The World Health Organization (1997, 1999, 2014) has been encouraging European Governments to commit their own Education and Health Ministries to create the necessary national policies to promote health and wellbeing throughout the life of all individuals. In Portugal, the Health Promotion and Education Program (HPEP) emerged in this context in schools in the 1993 - 1994 school year. Since 1993, HPEP has established itself as an instrument of school support, especially in response to their problems and needs in the areas of drug addiction, AIDS, sexuality and personal and social skill development, among other areas of health education. In 1994, Portugal joined the "European Network of Health Promoting Schools" (ENHPS) and in September 1997, Portuguese schools were challenged to join the process of enlarging the ENHPS, according to the following criteria set out in Circular no. 2/97 of the Health Promotion and Education Program: democracy, equity, empowerment and action competence, the school environment, the curriculum, teacher training, success measurement, collaboration, communities and sustainability.

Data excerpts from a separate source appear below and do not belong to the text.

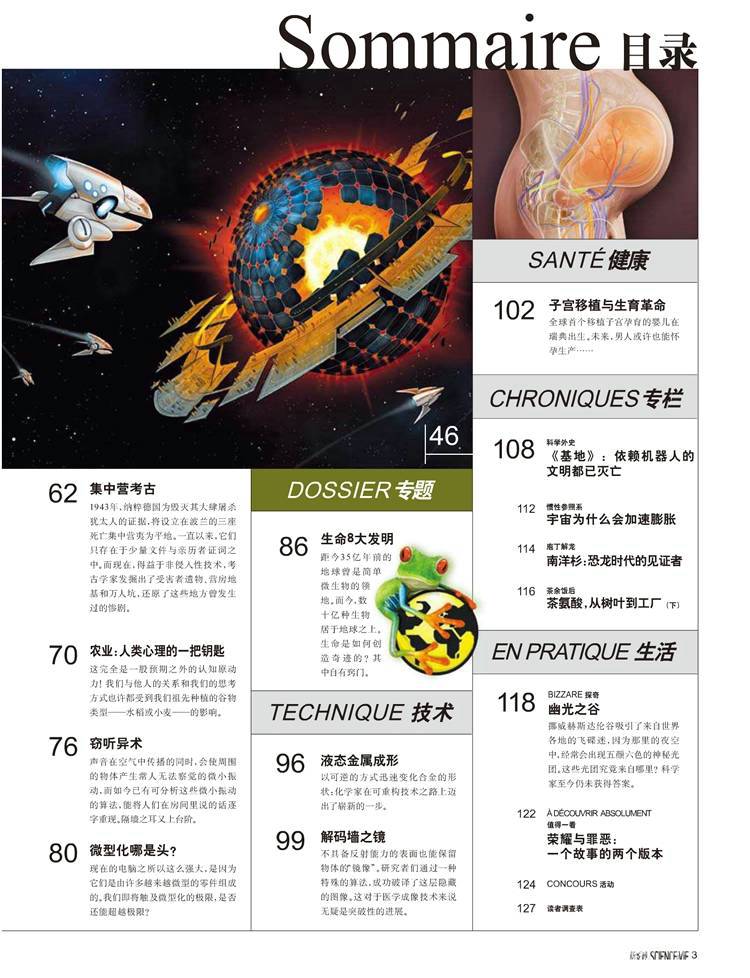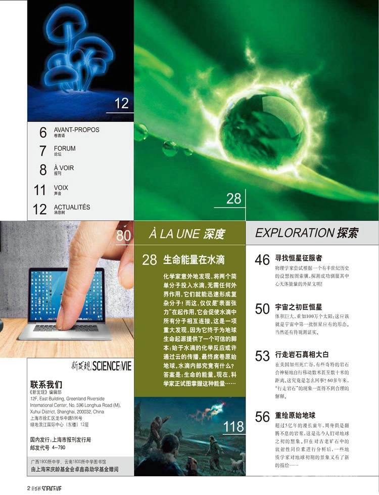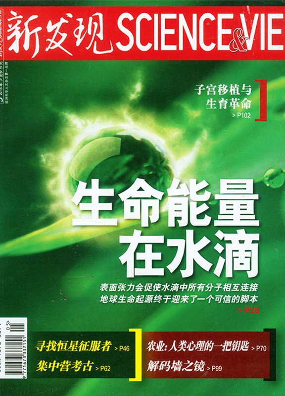 《新发现SCIENCE&VIE》 杂志是欧洲发行量及影响力最大的大众科学人文杂志,中文版以法国版为基础,在样式上保持和法国母版同样的水准,但是内容全面本土化,在选题上多提供和人类自身生存密切相关的内容。
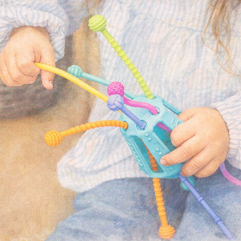 Inspired by children's natural desire to pull on shoelaces, Möbi Zippee is designed as a fun and safe alternative. Created in collaboration with doctors and therapists, Möbi Zippee is developed to be both clean and therapeutic, while also engaging children in play.
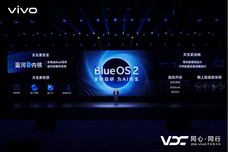 继去年11月vivo首次发布自研蓝河操作系统(BlueOS)之后,今年的开发者大会上,能力全新升级的蓝河操作系统2同步亮相,其搭载着基于Rust语言编写的实时操作系统内核——蓝河内核,其具备安全、通用、高性能的特性,能够兼容不同的嵌入式平台,具备完整的系统调度、内存管理、文件系统、网络和设备管理能力。而蓝河操作系统2也将成为行业首个全栈由Rust语言编写的操作系统。
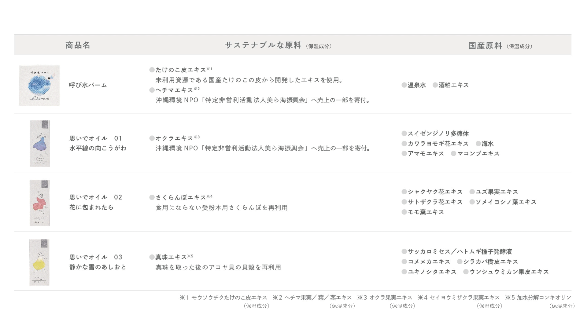 第一弾の商品として発売する「呼び水バーム」と「思いでオイル」は、まさに日本らしい言葉の語感と自然の美しさからインスピレーションを得て作りあげたものです。1つ1つの商品の向こう側に豊かな自然や懐かしさを感じる瞬間を、水彩画のようにゆらめくアートな世界や、言葉やテクスチャー、香りなどで表現しています。
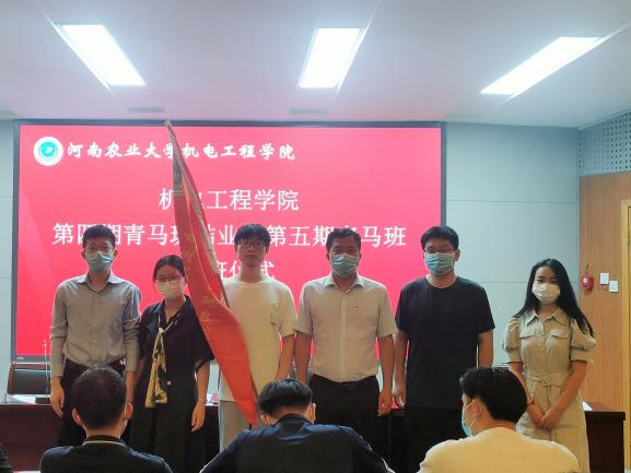 仪式最后,赵宁为第五期青马班授旗,并一同进行合影留念。

In-service teacher training in health promotion and education emerges in Portugal in this context as a resource for teachers’ professional development and carrier progression (e.g., Lei n. 46/86; Decreto-Lei n.º 22/2014) in order to stimulate and motivate teachers’ lifelong professional and personal development and, to provide rapid career ascent, better quality of teaching performance and other functions in the ambit of education and teaching. In this remarkable evolution of the focus of training and professional teacher development, teacher supervision was “extended to the ambit of in-service teacher training in the workplace [...] and gained collaborative, self-reflexive and self-formative dimensions, while teachers began gaining confidence in the relevance of their professional knowledge and ability to make their voices heard as researchers of their own practices and builders of specific knowledge inherent in their social function" (Alarcão & Tavares 2007, p.15).
Therefore, this paper aims to investigate: i) how Portuguese teacher trainers in health promotion and education understand the key phases for a whole-school approach to becoming and remaining a health promoting school; ii) the school community’s needs and priorities identified in schools which are part of their Training Centre; iii) how they conceptualize self-supervision and peer supervision in the context of the health promoting school approach.